### Work instructions
Somewhere below is a line with "A 19ª edição" and, later, a line with "complex angles | |"; repeat those two lines and all the lines between them, exactly as they are.

### Data for review
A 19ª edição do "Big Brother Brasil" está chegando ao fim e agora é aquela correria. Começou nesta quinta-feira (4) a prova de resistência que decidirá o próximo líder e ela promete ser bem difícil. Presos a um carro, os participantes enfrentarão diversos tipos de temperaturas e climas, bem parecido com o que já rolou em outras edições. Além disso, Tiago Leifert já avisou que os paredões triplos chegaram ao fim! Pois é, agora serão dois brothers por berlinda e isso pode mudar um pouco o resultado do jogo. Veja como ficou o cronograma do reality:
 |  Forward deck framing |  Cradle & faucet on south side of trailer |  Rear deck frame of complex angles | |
* * *
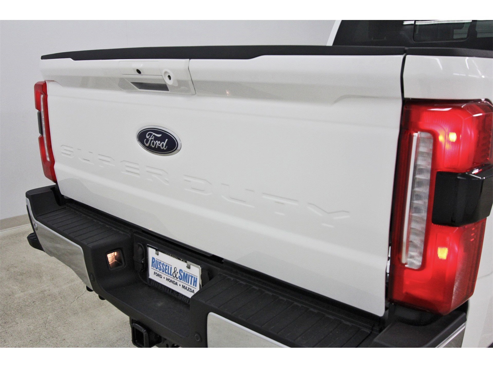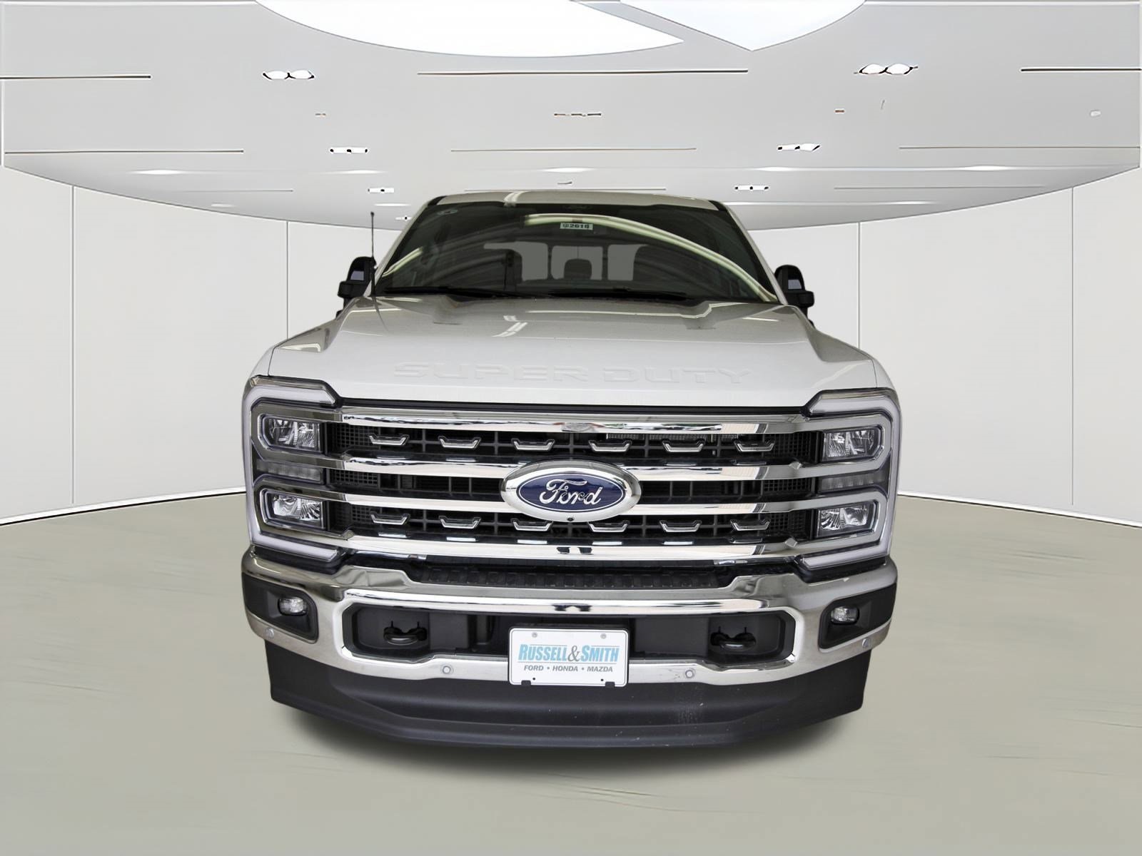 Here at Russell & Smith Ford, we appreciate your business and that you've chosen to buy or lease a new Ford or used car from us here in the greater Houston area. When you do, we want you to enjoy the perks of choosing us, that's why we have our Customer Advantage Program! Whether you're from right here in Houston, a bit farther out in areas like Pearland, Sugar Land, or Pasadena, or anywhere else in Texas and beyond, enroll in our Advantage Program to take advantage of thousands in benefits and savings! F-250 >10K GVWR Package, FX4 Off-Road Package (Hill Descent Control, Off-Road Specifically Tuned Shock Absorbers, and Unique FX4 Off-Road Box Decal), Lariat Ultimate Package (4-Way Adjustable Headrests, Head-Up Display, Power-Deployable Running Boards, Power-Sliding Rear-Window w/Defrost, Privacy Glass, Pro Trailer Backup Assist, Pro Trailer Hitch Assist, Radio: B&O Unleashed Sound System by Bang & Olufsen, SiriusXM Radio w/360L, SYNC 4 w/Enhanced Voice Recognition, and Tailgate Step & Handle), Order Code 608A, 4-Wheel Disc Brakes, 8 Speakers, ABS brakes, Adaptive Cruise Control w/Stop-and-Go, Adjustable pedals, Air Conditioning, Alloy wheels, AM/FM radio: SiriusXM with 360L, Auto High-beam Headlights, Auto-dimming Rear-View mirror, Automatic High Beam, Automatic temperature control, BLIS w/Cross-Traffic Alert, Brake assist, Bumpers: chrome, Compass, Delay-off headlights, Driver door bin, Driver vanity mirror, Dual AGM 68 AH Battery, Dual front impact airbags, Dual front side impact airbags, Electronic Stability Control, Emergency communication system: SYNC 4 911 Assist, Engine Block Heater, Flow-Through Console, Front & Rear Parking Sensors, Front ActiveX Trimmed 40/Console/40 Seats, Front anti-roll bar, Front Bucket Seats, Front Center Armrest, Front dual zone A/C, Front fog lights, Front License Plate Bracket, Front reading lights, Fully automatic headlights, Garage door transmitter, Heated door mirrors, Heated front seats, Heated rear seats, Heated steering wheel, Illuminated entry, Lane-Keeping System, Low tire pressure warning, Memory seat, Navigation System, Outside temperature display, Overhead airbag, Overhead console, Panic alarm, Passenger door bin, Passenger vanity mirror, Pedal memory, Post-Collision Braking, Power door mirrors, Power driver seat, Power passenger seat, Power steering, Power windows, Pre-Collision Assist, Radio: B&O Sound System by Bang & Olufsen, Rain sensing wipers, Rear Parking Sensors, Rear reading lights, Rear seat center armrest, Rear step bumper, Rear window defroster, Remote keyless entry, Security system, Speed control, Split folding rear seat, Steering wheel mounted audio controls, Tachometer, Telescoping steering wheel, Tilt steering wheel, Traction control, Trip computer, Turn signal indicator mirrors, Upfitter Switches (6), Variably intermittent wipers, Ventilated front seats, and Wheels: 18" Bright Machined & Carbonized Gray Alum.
...
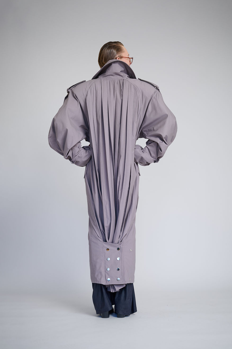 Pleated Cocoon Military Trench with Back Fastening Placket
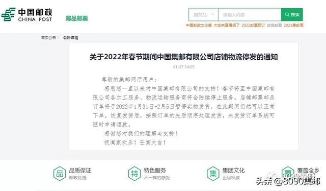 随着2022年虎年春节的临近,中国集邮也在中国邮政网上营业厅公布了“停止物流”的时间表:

### Task result
A 19ª edição do "Big Brother Brasil" está chegando ao fim e agora é aquela correria. Começou nesta quinta-feira (4) a prova de resistência que decidirá o próximo líder e ela promete ser bem difícil. Presos a um carro, os participantes enfrentarão diversos tipos de temperaturas e climas, bem parecido com o que já rolou em outras edições. Além disso, Tiago Leifert já avisou que os paredões triplos chegaram ao fim! Pois é, agora serão dois brothers por berlinda e isso pode mudar um pouco o resultado do jogo. Veja como ficou o cronograma do reality:
 |  Forward deck framing |  Cradle & faucet on south side of trailer |  Rear deck frame of complex angles | |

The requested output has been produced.